Required work:
Go through the listing beneath and show each line containing the string "water".

BEGIN

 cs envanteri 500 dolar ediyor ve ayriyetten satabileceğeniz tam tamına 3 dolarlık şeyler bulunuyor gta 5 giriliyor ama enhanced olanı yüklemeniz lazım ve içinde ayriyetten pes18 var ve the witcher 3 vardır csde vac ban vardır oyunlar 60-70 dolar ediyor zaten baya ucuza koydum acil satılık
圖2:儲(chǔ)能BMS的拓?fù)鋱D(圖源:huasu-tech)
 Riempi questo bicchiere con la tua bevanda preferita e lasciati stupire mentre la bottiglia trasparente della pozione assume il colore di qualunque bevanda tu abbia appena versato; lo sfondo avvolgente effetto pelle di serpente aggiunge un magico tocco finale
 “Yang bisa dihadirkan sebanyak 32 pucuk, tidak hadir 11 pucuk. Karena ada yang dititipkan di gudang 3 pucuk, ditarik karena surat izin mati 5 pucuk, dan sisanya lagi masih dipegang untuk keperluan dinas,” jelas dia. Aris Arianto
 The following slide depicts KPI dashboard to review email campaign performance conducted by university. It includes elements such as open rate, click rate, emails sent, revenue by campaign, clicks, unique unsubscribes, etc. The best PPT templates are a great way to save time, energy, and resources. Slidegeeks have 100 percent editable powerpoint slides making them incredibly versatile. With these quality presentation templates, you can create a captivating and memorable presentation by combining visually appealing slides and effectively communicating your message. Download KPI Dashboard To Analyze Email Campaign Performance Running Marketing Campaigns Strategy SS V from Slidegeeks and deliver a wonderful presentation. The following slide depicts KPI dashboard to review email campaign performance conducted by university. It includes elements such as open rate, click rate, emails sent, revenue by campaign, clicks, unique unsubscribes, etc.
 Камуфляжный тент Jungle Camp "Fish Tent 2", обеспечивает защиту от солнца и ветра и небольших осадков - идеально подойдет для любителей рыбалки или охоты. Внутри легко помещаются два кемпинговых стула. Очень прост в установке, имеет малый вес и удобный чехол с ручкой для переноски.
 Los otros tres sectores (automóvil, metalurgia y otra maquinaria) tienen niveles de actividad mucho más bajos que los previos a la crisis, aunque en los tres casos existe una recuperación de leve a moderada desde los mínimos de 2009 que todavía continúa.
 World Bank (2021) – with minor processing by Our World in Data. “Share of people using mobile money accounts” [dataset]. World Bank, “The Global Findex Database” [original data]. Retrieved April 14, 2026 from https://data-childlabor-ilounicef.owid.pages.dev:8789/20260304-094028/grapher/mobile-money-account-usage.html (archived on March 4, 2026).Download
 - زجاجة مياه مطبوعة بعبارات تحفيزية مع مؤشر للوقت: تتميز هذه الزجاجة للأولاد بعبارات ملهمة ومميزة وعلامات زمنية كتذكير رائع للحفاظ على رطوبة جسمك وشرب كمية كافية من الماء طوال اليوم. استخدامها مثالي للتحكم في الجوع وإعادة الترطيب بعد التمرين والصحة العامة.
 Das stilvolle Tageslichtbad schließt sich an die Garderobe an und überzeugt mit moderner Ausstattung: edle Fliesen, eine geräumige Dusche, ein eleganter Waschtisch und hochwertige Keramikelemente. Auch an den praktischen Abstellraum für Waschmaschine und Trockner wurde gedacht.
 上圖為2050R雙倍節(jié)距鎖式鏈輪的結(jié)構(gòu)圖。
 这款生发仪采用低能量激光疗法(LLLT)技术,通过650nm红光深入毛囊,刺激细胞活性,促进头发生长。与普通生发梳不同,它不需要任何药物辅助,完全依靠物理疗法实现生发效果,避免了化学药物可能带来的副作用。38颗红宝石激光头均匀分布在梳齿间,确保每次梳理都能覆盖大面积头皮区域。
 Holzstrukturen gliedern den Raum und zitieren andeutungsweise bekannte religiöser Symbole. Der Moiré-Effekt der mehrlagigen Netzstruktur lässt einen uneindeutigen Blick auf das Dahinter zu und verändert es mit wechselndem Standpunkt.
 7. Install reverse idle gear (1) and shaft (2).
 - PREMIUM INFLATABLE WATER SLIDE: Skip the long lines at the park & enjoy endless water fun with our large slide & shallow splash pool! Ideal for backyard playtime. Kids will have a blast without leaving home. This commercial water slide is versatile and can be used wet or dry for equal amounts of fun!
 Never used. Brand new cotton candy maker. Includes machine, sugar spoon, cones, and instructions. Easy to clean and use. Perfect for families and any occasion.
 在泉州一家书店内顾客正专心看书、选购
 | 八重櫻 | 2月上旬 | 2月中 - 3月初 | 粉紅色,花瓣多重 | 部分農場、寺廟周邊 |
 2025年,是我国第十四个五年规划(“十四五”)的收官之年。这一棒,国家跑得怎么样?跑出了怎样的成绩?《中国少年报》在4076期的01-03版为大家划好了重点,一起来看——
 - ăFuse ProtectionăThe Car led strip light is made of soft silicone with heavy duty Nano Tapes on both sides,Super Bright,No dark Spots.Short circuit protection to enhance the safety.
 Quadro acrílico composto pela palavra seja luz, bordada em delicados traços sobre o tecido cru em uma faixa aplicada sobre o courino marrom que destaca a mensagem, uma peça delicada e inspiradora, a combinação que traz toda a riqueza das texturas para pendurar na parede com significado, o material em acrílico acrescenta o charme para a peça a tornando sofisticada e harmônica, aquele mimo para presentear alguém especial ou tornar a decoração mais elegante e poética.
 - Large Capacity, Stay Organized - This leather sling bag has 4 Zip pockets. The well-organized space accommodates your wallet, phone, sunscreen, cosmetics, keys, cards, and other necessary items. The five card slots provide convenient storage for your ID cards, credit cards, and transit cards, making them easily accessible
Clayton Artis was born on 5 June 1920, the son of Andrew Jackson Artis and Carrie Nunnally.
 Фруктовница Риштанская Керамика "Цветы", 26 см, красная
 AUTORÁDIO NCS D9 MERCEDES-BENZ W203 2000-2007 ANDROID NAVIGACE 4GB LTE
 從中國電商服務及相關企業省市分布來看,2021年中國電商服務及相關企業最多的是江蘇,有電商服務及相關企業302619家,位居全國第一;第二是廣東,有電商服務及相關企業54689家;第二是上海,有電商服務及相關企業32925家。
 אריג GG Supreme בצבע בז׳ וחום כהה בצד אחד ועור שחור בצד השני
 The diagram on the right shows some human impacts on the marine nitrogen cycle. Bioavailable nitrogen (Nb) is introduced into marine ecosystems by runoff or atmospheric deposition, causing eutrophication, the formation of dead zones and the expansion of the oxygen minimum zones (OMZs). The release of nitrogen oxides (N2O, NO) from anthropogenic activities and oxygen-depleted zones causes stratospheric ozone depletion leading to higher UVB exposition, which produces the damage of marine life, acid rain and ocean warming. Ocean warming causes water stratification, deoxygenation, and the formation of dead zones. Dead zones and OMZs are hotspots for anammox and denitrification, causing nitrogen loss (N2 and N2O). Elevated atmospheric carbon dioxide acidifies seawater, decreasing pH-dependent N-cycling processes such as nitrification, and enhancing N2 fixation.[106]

END

Result for this exercise:
 - PREMIUM INFLATABLE WATER SLIDE: Skip the long lines at the park & enjoy endless water fun with our large slide & shallow splash pool! Ideal for backyard playtime. Kids will have a blast without leaving home. This commercial water slide is versatile and can be used wet or dry for equal amounts of fun!
 The diagram on the right shows some human impacts on the marine nitrogen cycle. Bioavailable nitrogen (Nb) is introduced into marine ecosystems by runoff or atmospheric deposition, causing eutrophication, the formation of dead zones and the expansion of the oxygen minimum zones (OMZs). The release of nitrogen oxides (N2O, NO) from anthropogenic activities and oxygen-depleted zones causes stratospheric ozone depletion leading to higher UVB exposition, which produces the damage of marine life, acid rain and ocean warming. Ocean warming causes water stratification, deoxygenation, and the formation of dead zones. Dead zones and OMZs are hotspots for anammox and denitrification, causing nitrogen loss (N2 and N2O). Elevated atmospheric carbon dioxide acidifies seawater, decreasing pH-dependent N-cycling processes such as nitrification, and enhancing N2 fixation.[106]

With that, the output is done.